As next month’s local elections loom ever closer, the Green Party has alighted upon a new stick with which to beat Labour: MPs drinking.
The spark for this latest bout of national humiliation was an interview with Hannah Spencer, their newly elected MP, in which she alluded to being able to smell booze on people in the division lobbies. Spencer has a very high opinion of her performance in Parliament for a Member who has not spoken once since her maiden speech, and that comment is a telling insight into why.
Puritanism is a natural refuge for the inadequate. If one lacks ideas or accomplishments, the easiest way to better oneself without the time-consuming effort of actually improving is to make sins of habits you don’t have. For people who don’t do very much, a standard which measures virtues by things abstained from is immensely congenial.
It isn’t an ironclad rule, of course, and perhaps Spencer will yet evolve into one of those earth-shaking Temperance politicians the Victorian era tended to produce. But it is an excellent general rule that someone who praises themselves or others with lists of vices they don’t have is short of genuinely positive things to say.
That Spencer’s comments have attracted a lot of support online — and that Zack Polanski clearly feels they speak sufficiently to popular sentiment to work them into his campaign pitch — tells us nothing good about modern Britain. But what, exactly, does it tell us?
Part of it is surely just the general attitude of spite towards politicians which has prevailed since the expenses scandal. Another, more understandable part might be resentment that MPs (and journalists) continue to enjoy a workplace drinking culture which has otherwise more or less died out in both the public and private sectors. Yet there do seem to be plenty of people who sincerely agree that, to quote one mind-boggling example I found on X, it is no longer proper to drink at the office Christmas party because “times move on”.
The idea that reasonable alcohol consumption is always and everywhere incompatible with doing good work is, we should make very clear, a deeply strange one that is not evidenced by history. There are certainly roles( medical personnel, operators of heavy machinery, and so on) where working drunk would be dangerous, and others (some customer service roles) where it would be inappropriate.
But this is manifestly not the case in other areas of work, and especially not in anything that requires strategic relationship building. Strong evidence for this — or at the very least, evidence against the temperance thesis — is that Britain has historically combined a much bigger culture of workplace drinking with vastly higher levels of both economic dynamism and political governance. Who thinks our nation or economy is better governed today than when the drinks cabinet was an office staple?
(All of this, of course, is beside the fact that MPs are not employees. They are representatives, who have the right to attend the Commons by dint of being elected. The prerogatives of the role are entirely incompatible with the total imbalance of power that governs the normal relationship between an employee and their employer, or HR department.)

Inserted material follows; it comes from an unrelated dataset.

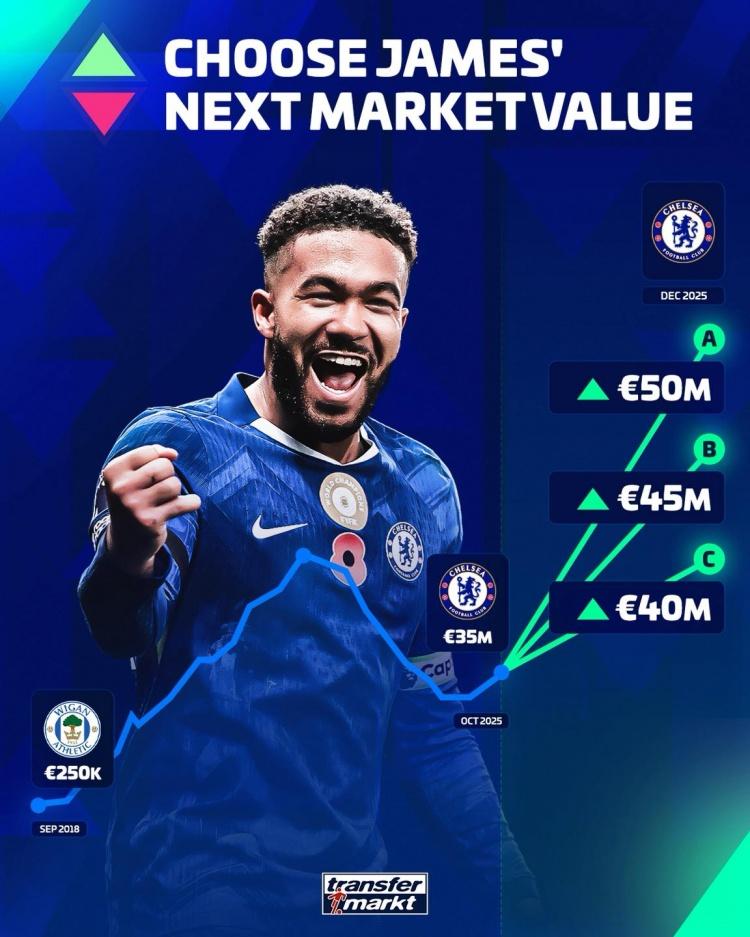 虎撲11月27日訊 據德國轉會(huì )市場(chǎng)官方消息,將在12月9日更新英超球員的轉預身價(jià)。而今日,熱里德轉官方社媒曬出圖片,板德預熱切爾西隊長(cháng)里斯-詹姆斯的轉預身價(jià)變化。

Looking more widely still, it is strange to see celebrations of the fact that Gen Z drink less than their elders sitting alongside endless worry about their being lonely and depressed, without many people seeming to draw the obvious line between the two.
So why is this? Well, it presents a chicken-and-egg problem. I suspect that whilst nothing is monocausal, the fact that we have been in an economic slump for almost 20 years is not entirely unconnected from our more miserable, puritanical, risk-averse culture. Humans were doing agriculture for booze almost as long, if not longer, than we were doing agriculture for food. It has been the lubricant of organisation for thousands of years. It would be very strange if a societal turn against it had no effect.
When you lack confidence in your ability to achieve things, it is natural to shift your emphasis from outcomes to processes
But it could also simply be a mass manifestation of what I described above: cope. When you lack confidence in your ability to achieve things, it is natural to shift your emphasis from outcomes to processes. The virtue of process is that they insulate you against risk; so long as you have followed procedure, nobody can say you did anything wrong. In government, that manifests in a culture that emphasises box-ticking over the end result; in the wider economy, in an expansive and zealously-enforced HR culture that insulates employers from lawsuits (the UK has the second-largest HR sector in the Western world, after the Netherlands).
Provided you believe these new rules to be what really matters, perhaps it is possible not to mind that Britain is approaching its second decade of stagnant productivity, real wage, and per-capita GDP growth, or that the House of Commons is now tangibly worse at producing and scrutinising legislation than it was in the 1970s. One grandee recently tried to dispute my charge that the calibre of MPs has declined. His first point of evidence? They don’t drink as much!
We should be careful, of course, not to exaggerate the Temperance tendency just because they’re noisy online. Some of them are clearly living in little bubbles of their own — one was flabbergasted to learn that buying your barman a drink is still something done, which perhaps says more about him than society.
But if MPs don’t want the scolding mob to eventually come for their bars and terraces, they would do well to reflect on how the laws they have laid down have helped to turn Parliament into such an outlier — and start getting them off the statute book.